I did my best to simulate a failed connection in my testing, and I thought it would work, but it’s still nice to see it doing what it’s supposed to in a real world situation.
Because I felt bad about sending out repeated feeds, and because I began to question the value of these automatic tweet posts, I decided to create new feeds that excluded the Twitter posts. Patrick Mosby had already done this through Yahoo! Pipes, and my first thought was to just link to his feed. But I didn’t want to be dependent on his maintaining that feed, so I just copied his work on my own Yahoo! account.

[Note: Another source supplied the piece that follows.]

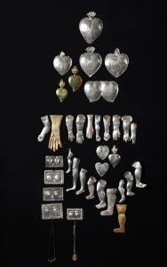 Większość obiektów pochodziła z wieku XIX, ale wiele reprezentowało również sztukę wcześniejszych stuleci. Do najstarszych prezentowanych eksponatów należą kwatery XVI-wiecznego ołtarza z kościoła p.w. św. Wawrzyńca w Mingajnach ukazujące sceny z życia św. Wawrzyńca i fotogramy kwater pasyjnych XVI-wiecznego poliptyku z katedry we Fromborku, na co dzień niedostępne dla widza, przedstawiające fenomenalny zapis chorób, które symbolicznie piętnują oprawców Chrystusa. Obiektem najmłodszym był relikwiarz bł. Reginy Protmann z kościoła św. Katarzyny w Braniewie, z 1999 r. autorstwa Andrzeja Adamskiego. Rozmachem malarskim i fantazją kompozycyjną odznaczają się głównie nowożytne dzieła malarskie z kościołów w Jezioranach (Święta Apolonia, XIX w.; Święty Roch orędownik dotkniętych epidemią, XIX w.), Henrykowie (Cud św. Antoniego, obraz Piotr Kolberga, ok. 1712 r.; Święty Walenty obdarzający łaską uzdrowienia, poł. XIX w.; Anioł Stróż, XVIII w.), Braniewie (Święty Roch z aniołem i psem oraz ofiary epidemii, obraz, XIX w. z kościoła p.w. Świętej Trójcy; Bisztynku (Święty Walenty i dzieci chore na epilepsję ofiarowane świętemu w celu uzdrowienia, obraz Jana Langhankiego, 1776 r. z kościoła p.w. św. Macieja; Święty Roch i ofiary dżumy, XIX w. z kościoła p.w. św. Michała), Rogiedlach (Święta Rozalia i ofiary zarazy, XVIII w.), Ornecie (Św. Rozalia, XVII w. z klasztoru Sióstr Katarzynek). Szczególny urok posiadały także ludowe wizerunki św. Rocha i św. Walentego, skrótowe w swoim przekazie, o wyrazistym choć nieco skrępowanym geście (obiekty pochodzące z kolekcji Muzeum Warmii i Mazur w Olsztynie). Wyrafinowanym przykładem rzeźby, przeznaczonej specjalnie do miejsca kultowego jest XVII-wieczna figura św. Rocha z kaplicy z Lubomina. Wystawa prezentowała też srebrne wota wyobrażające organy ciała z kościoła p.w. św. Macieja w Bisztynku związane z uleczającym kultem Najdroższej Krwi Chrystusa, na uwagę zasługiwał również fenomenalny obraz wotywny Św. Katarzyna, Matka Boska i św. Antoni Padewski z I poł. XVII w. z kościoła p.w. św. Mateusza w Różynce. Niepokój i mistyczny urok cechowały porażające turpizmem dzieła przedstawiające patronów od trądu Hioba (XVI- rzeźba ze zbiorów Muzeum Warmii i Mazur w Olsztynie) i Łazarza (XVII-wieczna rzeźba pierwotnie przeznaczona do szpitala św. Ducha w Kętrzynie, obecnie Muzeum Wojciecha Kętrzyńskiego w Kętrzynie).
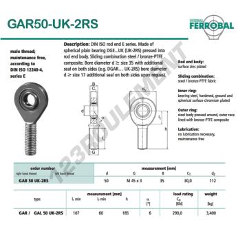 La Rotule Ge connue sous la référence GAR50-UK-2RS-DURBAL, de la marque DURBAL possède un diamètre intérieur de 50mm, un diamètre extérieur de 112mm et une épaisseur de 35mm.

So now there are four feeds: an RSS 2.0 feed with every post, an Atom feed with every post, an RSS 2.0 feed without the Twitter posts, and an Atom feed without the Twitter posts.
I’ve never understood the niceties of RSS 2.0 v. Atom, but since WordPress and Yahoo! Pipes make it easy to provide both, that’s what I’ll do.